** Exercise directions **
Whenever the string "Juan" turns up in a line of the data below, copy that line.

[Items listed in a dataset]
"""
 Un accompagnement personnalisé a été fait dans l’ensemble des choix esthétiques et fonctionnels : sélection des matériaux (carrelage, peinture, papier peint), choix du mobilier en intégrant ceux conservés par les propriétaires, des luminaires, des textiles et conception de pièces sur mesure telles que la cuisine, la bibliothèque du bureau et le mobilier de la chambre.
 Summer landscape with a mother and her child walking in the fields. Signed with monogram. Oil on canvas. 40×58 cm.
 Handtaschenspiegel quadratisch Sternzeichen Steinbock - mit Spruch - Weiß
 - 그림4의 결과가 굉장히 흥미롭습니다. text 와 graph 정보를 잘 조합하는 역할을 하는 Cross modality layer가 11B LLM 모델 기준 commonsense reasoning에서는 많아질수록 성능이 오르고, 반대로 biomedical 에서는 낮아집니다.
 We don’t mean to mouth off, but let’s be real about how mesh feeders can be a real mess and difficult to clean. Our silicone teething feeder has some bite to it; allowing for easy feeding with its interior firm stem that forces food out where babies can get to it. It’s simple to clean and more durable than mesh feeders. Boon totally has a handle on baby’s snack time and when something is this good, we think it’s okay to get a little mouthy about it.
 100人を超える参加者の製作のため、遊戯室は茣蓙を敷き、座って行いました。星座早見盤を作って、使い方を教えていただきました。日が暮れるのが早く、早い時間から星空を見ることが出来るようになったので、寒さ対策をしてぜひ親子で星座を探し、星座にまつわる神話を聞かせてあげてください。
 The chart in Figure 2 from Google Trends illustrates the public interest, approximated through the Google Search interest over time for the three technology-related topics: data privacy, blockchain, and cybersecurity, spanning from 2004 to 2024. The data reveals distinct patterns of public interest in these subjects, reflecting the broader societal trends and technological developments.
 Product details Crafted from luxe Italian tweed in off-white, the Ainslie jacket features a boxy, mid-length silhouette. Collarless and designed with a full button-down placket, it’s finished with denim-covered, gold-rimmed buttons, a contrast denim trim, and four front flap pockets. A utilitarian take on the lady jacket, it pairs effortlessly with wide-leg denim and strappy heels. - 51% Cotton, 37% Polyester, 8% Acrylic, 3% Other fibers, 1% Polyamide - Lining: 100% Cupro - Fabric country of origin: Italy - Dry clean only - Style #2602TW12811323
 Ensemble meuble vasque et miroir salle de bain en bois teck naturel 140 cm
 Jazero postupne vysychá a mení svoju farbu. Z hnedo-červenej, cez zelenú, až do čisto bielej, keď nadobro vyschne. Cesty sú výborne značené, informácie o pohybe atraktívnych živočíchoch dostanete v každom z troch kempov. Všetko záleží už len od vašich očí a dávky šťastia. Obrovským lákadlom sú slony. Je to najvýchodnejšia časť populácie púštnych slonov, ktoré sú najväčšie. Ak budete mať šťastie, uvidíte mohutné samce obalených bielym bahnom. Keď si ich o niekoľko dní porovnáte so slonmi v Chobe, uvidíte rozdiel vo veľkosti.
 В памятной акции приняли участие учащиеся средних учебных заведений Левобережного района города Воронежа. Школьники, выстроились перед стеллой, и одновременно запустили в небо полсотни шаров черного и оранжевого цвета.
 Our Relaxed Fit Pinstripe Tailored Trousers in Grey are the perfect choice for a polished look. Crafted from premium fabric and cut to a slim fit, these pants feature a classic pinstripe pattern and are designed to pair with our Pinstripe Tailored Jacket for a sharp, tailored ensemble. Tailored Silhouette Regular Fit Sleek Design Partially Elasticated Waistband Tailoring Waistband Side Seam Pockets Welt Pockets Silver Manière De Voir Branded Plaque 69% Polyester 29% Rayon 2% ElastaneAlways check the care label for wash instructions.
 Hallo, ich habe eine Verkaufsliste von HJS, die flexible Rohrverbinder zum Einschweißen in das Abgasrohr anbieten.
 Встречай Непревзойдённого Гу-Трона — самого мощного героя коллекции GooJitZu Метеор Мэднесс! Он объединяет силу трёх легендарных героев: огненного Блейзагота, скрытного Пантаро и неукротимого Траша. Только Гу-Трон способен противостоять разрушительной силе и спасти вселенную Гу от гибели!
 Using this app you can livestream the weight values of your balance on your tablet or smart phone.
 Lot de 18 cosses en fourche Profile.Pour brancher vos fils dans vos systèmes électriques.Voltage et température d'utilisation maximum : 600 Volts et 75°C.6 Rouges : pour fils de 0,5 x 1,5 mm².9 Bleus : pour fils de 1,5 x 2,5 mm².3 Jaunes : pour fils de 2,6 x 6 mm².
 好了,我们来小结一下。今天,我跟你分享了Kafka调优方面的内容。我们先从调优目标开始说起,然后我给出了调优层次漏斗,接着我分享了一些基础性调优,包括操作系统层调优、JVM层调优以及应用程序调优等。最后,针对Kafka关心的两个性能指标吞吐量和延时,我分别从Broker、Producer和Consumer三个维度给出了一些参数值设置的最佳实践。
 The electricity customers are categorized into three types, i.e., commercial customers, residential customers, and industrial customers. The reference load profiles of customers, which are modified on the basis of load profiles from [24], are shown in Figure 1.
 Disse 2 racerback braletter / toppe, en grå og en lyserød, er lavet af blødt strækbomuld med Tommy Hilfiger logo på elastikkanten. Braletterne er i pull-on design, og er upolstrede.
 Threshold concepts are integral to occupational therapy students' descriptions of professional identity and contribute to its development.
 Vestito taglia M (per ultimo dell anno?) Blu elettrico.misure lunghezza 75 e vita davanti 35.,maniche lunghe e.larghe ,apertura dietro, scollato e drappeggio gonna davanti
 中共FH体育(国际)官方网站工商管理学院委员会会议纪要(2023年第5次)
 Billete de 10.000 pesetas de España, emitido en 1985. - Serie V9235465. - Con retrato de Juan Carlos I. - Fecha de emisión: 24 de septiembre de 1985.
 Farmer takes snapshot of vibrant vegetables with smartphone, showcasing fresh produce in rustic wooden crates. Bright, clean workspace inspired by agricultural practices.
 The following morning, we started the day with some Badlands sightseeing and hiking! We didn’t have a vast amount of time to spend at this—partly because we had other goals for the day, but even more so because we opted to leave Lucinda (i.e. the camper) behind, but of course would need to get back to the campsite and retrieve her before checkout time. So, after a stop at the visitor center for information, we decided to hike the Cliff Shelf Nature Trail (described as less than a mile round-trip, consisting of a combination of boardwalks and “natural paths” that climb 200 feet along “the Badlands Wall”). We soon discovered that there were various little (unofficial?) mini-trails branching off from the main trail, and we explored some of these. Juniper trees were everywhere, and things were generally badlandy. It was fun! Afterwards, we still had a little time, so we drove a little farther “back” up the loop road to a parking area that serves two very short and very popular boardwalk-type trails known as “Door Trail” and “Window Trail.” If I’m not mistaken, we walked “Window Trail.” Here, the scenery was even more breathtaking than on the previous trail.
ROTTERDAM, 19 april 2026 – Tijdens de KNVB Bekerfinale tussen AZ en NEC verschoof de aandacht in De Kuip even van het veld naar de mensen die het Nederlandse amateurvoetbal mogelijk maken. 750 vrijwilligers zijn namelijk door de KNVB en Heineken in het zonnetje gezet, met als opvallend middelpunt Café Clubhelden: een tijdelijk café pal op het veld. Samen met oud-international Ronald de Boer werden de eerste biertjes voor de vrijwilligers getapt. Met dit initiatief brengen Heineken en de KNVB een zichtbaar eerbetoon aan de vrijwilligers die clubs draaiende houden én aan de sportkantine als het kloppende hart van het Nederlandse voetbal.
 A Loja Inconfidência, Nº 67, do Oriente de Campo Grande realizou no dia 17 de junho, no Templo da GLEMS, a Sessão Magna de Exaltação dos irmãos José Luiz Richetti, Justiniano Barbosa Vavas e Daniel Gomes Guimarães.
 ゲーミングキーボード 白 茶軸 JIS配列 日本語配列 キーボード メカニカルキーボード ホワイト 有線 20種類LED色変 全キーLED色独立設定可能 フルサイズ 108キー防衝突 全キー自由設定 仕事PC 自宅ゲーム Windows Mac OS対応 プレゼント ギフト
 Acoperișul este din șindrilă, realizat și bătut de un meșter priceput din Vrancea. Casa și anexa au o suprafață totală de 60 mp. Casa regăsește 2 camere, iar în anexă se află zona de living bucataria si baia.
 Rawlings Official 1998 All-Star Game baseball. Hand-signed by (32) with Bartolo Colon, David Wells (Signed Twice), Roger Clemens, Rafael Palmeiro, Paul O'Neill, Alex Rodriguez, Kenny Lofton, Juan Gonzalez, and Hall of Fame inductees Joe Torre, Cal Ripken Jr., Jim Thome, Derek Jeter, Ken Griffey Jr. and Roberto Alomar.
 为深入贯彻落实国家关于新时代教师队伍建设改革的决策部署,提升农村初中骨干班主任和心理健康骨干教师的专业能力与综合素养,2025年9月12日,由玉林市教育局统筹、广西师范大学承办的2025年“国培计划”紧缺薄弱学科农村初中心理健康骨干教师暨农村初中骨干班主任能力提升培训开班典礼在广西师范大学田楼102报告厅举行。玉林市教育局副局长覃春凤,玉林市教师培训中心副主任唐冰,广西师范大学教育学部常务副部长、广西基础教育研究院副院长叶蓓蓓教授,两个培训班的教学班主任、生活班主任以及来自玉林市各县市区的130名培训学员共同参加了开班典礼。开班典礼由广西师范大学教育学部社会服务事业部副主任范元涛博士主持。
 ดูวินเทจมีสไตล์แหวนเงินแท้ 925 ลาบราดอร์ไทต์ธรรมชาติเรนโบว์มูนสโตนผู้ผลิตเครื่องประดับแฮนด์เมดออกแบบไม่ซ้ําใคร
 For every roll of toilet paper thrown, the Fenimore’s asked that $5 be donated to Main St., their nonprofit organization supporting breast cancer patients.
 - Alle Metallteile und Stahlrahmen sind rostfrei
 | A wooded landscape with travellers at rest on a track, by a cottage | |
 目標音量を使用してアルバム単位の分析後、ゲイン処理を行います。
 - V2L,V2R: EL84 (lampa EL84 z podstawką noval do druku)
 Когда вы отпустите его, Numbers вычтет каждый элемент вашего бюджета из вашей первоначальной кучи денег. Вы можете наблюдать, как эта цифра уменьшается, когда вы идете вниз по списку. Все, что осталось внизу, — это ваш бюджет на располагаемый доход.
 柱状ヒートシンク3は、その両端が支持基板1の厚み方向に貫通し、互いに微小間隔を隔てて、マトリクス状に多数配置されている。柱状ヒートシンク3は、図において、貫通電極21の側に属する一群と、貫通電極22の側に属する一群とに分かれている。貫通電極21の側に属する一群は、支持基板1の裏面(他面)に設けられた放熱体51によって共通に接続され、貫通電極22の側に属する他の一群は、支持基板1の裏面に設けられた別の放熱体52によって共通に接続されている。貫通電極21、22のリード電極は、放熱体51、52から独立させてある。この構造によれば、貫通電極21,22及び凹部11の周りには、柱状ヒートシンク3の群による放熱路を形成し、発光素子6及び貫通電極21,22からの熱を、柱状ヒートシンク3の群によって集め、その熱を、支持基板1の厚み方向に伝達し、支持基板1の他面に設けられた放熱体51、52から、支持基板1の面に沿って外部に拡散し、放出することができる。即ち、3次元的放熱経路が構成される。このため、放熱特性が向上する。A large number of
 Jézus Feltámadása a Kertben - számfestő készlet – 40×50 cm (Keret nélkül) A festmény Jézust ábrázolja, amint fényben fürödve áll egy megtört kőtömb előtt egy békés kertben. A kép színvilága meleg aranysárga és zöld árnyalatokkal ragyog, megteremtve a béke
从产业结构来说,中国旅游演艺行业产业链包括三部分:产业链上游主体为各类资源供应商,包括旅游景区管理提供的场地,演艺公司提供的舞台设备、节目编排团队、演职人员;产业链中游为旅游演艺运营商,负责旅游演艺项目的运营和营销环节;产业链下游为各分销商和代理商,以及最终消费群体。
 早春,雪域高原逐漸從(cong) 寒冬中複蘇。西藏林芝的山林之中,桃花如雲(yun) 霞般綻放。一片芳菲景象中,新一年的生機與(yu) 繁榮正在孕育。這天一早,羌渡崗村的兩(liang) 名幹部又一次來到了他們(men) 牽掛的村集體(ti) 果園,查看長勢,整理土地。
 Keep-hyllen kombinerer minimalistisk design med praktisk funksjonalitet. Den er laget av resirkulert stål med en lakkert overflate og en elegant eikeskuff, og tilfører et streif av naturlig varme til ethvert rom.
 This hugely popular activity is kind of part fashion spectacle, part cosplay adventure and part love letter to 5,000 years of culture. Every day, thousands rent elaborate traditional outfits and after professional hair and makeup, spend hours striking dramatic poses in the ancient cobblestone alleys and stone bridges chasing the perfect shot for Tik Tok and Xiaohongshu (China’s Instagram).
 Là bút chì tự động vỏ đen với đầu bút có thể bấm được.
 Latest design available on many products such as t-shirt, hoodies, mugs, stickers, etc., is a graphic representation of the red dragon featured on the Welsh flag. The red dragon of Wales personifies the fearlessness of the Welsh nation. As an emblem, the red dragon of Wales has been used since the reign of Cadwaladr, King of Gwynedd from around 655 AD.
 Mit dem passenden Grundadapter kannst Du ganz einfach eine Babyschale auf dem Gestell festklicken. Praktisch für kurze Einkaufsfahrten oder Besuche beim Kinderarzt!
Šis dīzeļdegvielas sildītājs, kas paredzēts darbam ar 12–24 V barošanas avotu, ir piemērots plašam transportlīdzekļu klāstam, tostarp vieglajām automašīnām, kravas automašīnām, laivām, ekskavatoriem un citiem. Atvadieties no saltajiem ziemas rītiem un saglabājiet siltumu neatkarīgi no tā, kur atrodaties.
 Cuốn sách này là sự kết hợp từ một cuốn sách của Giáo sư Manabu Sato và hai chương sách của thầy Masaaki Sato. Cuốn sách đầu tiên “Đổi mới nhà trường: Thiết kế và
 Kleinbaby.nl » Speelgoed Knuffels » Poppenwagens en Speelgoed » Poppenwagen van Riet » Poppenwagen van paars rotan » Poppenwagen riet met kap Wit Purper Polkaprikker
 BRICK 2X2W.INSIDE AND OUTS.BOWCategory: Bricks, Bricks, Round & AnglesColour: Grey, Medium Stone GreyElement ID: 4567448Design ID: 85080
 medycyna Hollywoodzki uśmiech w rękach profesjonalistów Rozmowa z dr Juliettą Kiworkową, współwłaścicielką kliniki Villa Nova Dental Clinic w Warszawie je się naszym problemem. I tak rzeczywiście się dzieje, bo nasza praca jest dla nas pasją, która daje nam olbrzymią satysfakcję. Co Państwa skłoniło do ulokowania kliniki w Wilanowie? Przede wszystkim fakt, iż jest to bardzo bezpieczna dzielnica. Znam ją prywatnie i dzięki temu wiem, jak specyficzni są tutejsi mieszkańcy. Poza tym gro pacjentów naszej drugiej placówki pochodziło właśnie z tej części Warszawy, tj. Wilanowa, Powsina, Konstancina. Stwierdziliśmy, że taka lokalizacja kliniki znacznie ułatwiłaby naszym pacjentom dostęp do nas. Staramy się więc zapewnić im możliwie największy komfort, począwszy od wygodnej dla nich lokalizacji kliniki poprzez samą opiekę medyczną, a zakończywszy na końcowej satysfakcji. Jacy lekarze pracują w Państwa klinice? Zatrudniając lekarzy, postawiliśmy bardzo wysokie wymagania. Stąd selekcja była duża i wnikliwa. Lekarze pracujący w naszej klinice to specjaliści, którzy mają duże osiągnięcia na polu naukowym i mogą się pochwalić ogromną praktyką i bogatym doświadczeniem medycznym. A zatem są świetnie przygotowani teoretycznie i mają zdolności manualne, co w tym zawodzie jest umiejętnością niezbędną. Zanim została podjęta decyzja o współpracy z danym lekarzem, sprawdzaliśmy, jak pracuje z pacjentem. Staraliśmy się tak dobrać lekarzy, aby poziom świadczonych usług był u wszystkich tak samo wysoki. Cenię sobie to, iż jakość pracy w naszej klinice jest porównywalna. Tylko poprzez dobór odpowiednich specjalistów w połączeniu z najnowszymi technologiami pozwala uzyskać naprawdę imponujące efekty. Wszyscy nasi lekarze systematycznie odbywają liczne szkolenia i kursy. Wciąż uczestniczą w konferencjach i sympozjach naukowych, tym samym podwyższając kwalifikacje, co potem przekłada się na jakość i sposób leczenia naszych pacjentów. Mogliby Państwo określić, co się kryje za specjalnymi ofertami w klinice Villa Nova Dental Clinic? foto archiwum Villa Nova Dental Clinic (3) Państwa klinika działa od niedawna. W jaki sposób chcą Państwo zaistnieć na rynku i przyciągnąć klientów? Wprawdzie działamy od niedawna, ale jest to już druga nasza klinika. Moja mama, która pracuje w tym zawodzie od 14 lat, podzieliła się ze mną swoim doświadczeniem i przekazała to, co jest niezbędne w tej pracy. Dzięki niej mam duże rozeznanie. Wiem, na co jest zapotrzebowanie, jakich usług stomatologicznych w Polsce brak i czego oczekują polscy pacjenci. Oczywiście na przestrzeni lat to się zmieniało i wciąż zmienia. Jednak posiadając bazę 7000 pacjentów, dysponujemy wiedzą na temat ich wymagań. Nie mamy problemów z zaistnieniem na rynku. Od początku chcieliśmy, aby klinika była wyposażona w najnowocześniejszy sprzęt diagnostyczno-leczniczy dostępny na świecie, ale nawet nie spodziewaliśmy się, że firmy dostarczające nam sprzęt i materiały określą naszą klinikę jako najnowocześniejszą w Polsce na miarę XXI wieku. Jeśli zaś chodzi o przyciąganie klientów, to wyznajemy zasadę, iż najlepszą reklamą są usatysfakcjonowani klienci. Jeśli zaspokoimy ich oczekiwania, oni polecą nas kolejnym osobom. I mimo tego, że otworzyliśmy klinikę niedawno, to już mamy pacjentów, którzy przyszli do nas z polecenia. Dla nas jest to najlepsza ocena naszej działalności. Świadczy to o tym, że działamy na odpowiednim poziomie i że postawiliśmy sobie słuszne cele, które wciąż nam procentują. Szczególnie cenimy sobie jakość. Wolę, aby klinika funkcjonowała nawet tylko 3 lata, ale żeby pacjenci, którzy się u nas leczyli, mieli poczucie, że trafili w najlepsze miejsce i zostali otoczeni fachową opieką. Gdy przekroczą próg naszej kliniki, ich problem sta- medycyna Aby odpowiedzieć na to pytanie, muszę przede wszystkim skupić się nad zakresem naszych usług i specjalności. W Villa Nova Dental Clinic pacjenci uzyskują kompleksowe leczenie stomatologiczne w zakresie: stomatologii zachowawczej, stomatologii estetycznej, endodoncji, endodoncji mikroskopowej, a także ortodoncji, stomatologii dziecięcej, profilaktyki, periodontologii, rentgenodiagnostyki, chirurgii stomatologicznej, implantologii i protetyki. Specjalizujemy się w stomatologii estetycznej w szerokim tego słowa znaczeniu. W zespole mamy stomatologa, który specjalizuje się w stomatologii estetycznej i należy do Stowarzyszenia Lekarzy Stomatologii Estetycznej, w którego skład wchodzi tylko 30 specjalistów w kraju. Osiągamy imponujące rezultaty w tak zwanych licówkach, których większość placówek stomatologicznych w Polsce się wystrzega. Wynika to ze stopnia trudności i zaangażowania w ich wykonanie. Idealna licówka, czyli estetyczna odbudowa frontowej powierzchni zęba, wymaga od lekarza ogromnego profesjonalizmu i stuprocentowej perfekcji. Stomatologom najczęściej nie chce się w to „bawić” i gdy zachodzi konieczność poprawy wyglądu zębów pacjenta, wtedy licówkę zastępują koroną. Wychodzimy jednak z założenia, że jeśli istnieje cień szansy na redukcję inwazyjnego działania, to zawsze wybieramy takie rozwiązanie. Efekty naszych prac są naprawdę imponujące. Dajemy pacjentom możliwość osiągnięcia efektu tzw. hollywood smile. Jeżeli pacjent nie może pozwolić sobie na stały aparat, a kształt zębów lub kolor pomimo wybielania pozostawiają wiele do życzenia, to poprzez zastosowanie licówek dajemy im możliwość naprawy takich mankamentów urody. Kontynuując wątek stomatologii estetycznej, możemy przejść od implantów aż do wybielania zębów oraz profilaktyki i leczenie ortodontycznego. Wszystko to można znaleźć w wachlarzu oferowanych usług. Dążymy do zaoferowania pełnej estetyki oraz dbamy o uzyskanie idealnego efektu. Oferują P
"""
** Response for this exercise **
 Billete de 10.000 pesetas de España, emitido en 1985. - Serie V9235465. - Con retrato de Juan Carlos I. - Fecha de emisión: 24 de septiembre de 1985.
 Rawlings Official 1998 All-Star Game baseball. Hand-signed by (32) with Bartolo Colon, David Wells (Signed Twice), Roger Clemens, Rafael Palmeiro, Paul O'Neill, Alex Rodriguez, Kenny Lofton, Juan Gonzalez, and Hall of Fame inductees Joe Torre, Cal Ripken Jr., Jim Thome, Derek Jeter, Ken Griffey Jr. and Roberto Alomar.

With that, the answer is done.